*What is required*
Every line below from the one with "贝蒂斯(BETIS)特级初榨橄榄油1L*2礼盒 西班牙原装进口 团购送礼" through the one with "Разрезать на две" is to be repeated exactly, with no picture among them.

*Record excerpts*
----------

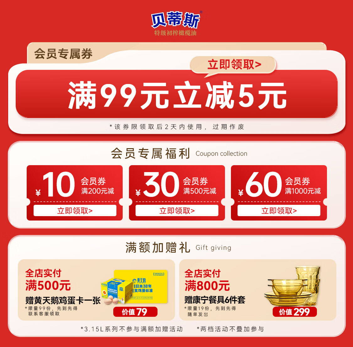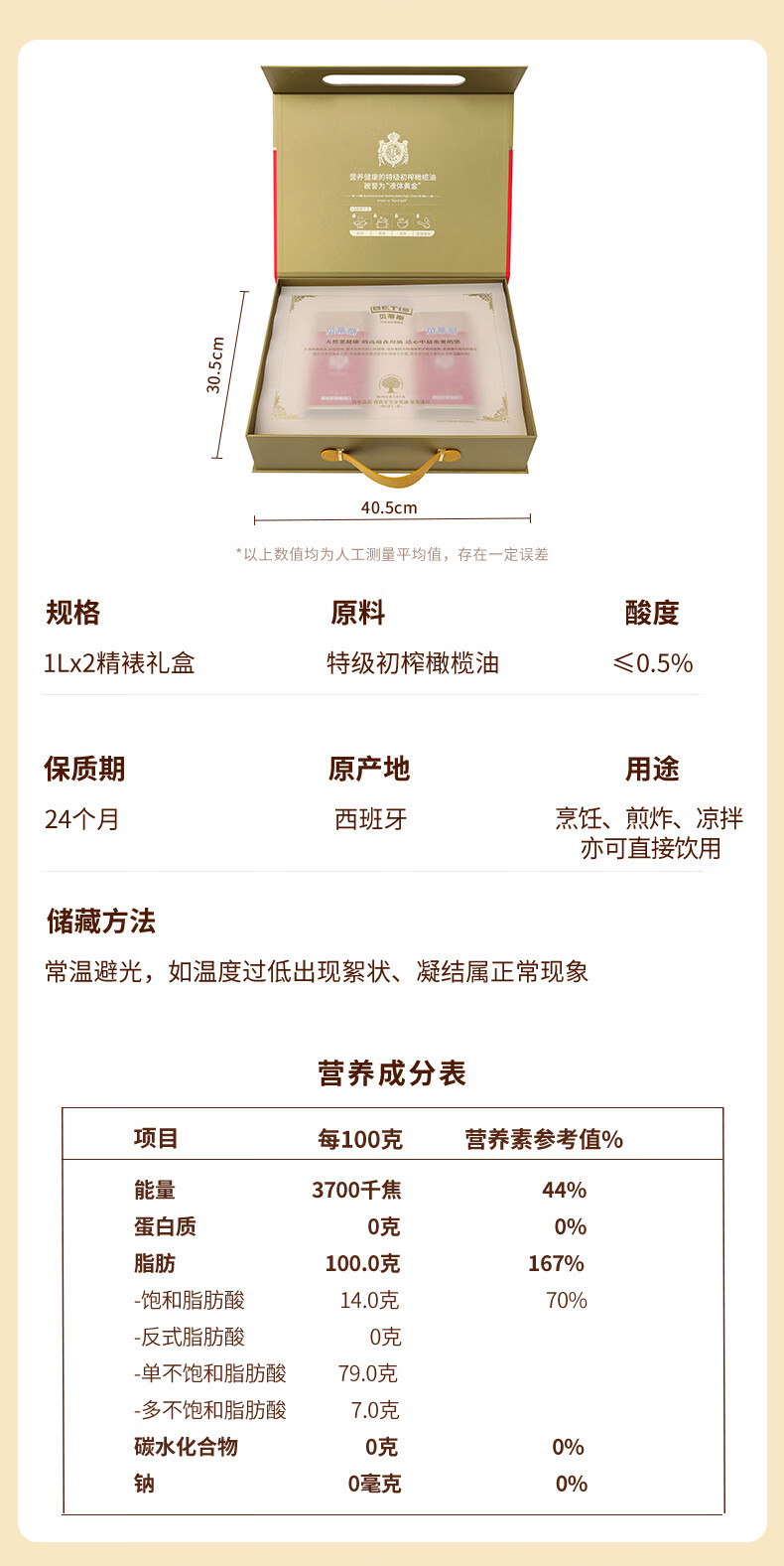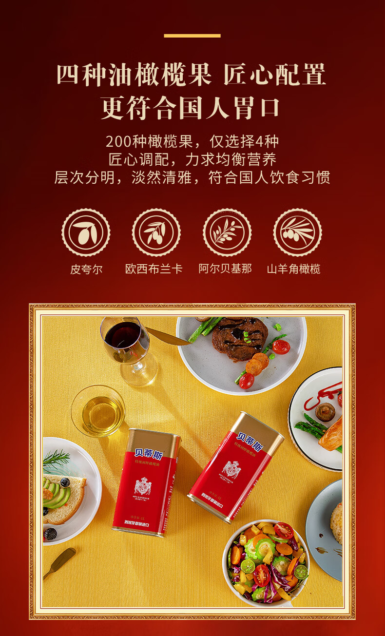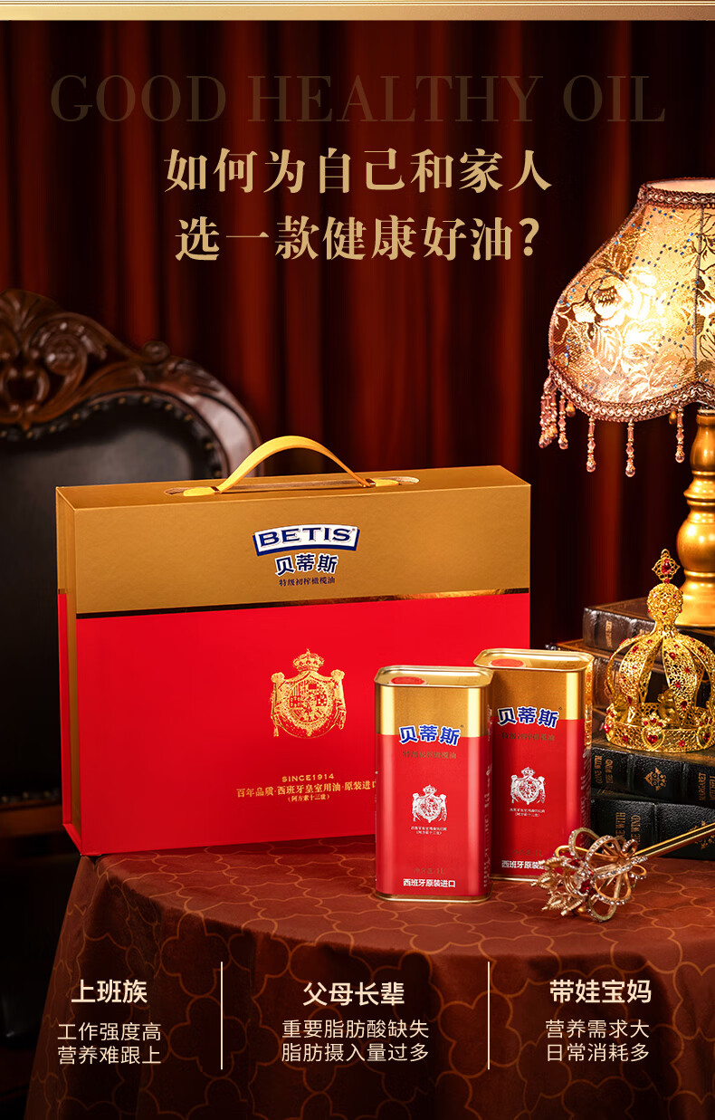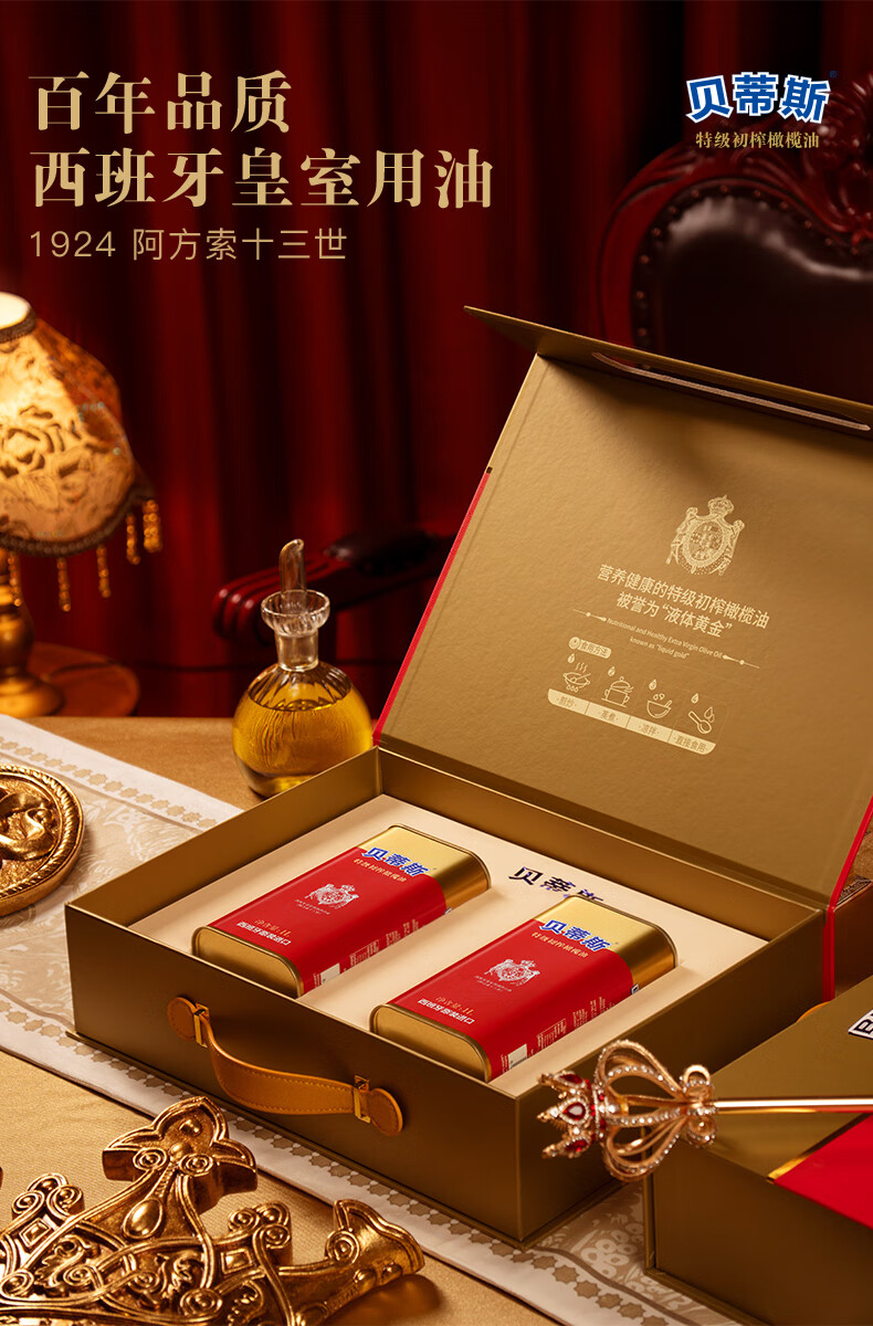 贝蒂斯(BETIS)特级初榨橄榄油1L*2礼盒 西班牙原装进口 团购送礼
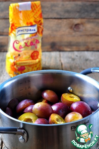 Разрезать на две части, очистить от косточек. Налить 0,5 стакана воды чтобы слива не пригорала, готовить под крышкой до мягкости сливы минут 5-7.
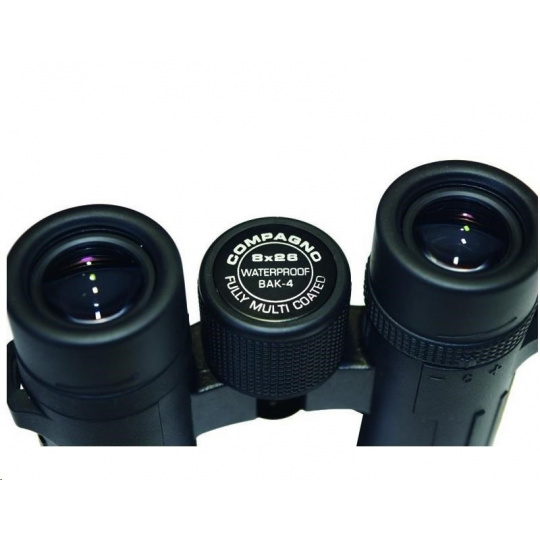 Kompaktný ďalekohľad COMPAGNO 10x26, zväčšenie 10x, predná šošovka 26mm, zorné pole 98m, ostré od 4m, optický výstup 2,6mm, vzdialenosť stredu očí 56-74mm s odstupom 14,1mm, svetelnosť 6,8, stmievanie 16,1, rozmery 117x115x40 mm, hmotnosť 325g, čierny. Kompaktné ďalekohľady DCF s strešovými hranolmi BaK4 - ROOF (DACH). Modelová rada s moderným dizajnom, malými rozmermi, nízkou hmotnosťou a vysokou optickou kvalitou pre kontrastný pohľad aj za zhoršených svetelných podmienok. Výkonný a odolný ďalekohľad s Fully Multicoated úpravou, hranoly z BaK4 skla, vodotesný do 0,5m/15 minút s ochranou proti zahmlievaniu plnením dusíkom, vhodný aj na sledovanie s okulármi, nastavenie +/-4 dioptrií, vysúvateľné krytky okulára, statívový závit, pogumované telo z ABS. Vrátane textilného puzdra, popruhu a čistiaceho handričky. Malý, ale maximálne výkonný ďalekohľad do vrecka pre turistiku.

----------

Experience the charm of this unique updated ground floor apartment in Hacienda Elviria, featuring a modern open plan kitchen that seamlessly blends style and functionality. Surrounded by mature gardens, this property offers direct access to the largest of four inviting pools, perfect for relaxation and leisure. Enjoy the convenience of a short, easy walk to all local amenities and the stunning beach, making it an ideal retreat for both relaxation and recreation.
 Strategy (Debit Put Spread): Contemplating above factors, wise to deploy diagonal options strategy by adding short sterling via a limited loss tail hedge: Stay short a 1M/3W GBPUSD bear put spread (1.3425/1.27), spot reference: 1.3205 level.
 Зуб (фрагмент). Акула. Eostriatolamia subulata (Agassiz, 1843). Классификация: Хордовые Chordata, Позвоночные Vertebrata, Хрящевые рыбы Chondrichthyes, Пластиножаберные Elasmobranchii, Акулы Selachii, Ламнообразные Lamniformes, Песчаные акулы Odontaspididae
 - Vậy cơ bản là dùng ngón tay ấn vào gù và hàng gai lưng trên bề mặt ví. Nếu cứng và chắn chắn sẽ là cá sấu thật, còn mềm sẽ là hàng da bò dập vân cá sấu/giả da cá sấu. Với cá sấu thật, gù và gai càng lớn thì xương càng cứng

----------

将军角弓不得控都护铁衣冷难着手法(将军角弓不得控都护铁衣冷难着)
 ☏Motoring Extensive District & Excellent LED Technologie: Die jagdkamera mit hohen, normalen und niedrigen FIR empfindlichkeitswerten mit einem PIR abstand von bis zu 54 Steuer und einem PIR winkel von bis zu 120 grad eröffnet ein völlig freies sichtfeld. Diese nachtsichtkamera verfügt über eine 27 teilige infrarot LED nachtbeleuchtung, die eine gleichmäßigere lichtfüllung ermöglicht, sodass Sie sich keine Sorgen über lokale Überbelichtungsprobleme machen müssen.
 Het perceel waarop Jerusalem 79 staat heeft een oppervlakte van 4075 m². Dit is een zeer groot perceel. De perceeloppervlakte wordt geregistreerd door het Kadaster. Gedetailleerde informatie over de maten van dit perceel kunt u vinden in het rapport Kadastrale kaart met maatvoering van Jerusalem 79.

----------

*Solution for this problem*
 贝蒂斯(BETIS)特级初榨橄榄油1L*2礼盒 西班牙原装进口 团购送礼
 Разрезать на две части, очистить от косточек. Налить 0,5 стакана воды чтобы слива не пригорала, готовить под крышкой до мягкости сливы минут 5-7.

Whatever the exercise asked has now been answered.